"England expects that every man will do his duty”. So signaled Admiral Lord Nelson to the fleet at Trafalgar. This was during the same war in which the standard of the Havant Volunteers, hanging above our heads, was raised.
But what is ‘duty’? Duty is that obligation we owe to each other, as fellow citizens, in any community. It is the action we perform, regardless of our personal desires. It is an action which puts the needs of our community, or our country, above our personal wants.
As such, ‘duty’ has a rather old fashioned ring about it, to our modern ears. We live in a society in which personal happiness and personal fulfillment has become the primary goal. To the modern, western mind, it often doesn’t matter very much who else suffers, or who else is living in poverty, as long as I have everything I need. As long as I am happy. As an example of this kind of thinking, here’s a quote from Grant Cordone, a self-help guru and business advisor. He says ‘Success is your duty, obligation and responsibility’. He is referring of course to personal success.
But of course, the search for personal happiness, success and wealth is never a pathway to the building of a society. Building society requires an instinct for self-sacrifice among all its members.
On Friday, incidentally on Armistice Day, we witnessed the re-taking of Kherson by the Ukrainian Army, from the presently terrorist state of Russia. This would not have happened if Ukrainian citizens had neglected their duty. If the Ukrainian volunteers had each decided that their personal happiness and safety was more important to them, if they had decided to flee to Europe with their families, then we would never have seen Friday’s victory come to pass. If the Western nations had not done their duty, and stood by Ukraine by supplying them, Kherson would still be in Russian hands today.

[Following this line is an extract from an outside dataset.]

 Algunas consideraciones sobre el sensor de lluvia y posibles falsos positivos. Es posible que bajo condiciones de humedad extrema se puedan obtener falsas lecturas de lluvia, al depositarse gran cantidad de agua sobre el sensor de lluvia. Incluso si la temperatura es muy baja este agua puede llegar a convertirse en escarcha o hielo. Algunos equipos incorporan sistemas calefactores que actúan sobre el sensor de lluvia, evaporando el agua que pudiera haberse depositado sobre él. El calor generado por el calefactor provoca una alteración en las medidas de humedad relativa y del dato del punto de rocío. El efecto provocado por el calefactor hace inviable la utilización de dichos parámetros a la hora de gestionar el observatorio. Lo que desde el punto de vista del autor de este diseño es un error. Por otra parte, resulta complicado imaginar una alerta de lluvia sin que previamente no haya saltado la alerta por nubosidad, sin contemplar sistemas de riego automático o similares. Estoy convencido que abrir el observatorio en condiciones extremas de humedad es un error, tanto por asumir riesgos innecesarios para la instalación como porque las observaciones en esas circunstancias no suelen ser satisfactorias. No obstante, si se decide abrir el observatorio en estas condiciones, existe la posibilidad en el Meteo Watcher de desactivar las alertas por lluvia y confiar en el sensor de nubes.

We must remember, however, that the young men and women of the Russian army are also doing their duty, as they see it. They have been systematically lied to, by their government. They have been told that Ukrainians are Nazis who, with the support of the Western powers, are about to invade Mother Russia. So they, too, fight out of duty to their country, albeit misguided.

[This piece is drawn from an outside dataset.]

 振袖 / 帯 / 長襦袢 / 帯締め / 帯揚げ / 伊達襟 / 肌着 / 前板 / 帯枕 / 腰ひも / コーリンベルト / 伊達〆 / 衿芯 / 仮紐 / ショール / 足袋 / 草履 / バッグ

And this is of course where duty has its limits. For duty to be holy, righteous and purposeful, it must itself be subject to a higher authority still. Duty must be subservient to Truth. Any person who prepares to do their duty must first do the hard work of working out what is true about the situation they face. We live in a post-truth world, in which propaganda, and so-called ‘fake-truth’ is harnessed for political ends or personal gain. And it is hard, indeed, to disentangle the half-truths from the lies. How can a Russian soldier, for example, know whether his duty is misplaced, if he does not have access to the Truth? How, then, can anyone’s call to duty be assessed, for Truthfulness?
Jesus Christ said that he was the way, the life, and the Truth. In other words, he taught that by following his way of life, and his teachings, we would be led by his Spirit into all Truth. Christians, then, have a yardstick by which to judge the various truth-claims with which we are bombarded, by the political maelstrom around us. So, whenever a truth-claim is uttered by a national leader, the Christian holds that claim up against the teaching of Christ – to discern whether or not there is a duty to be followed.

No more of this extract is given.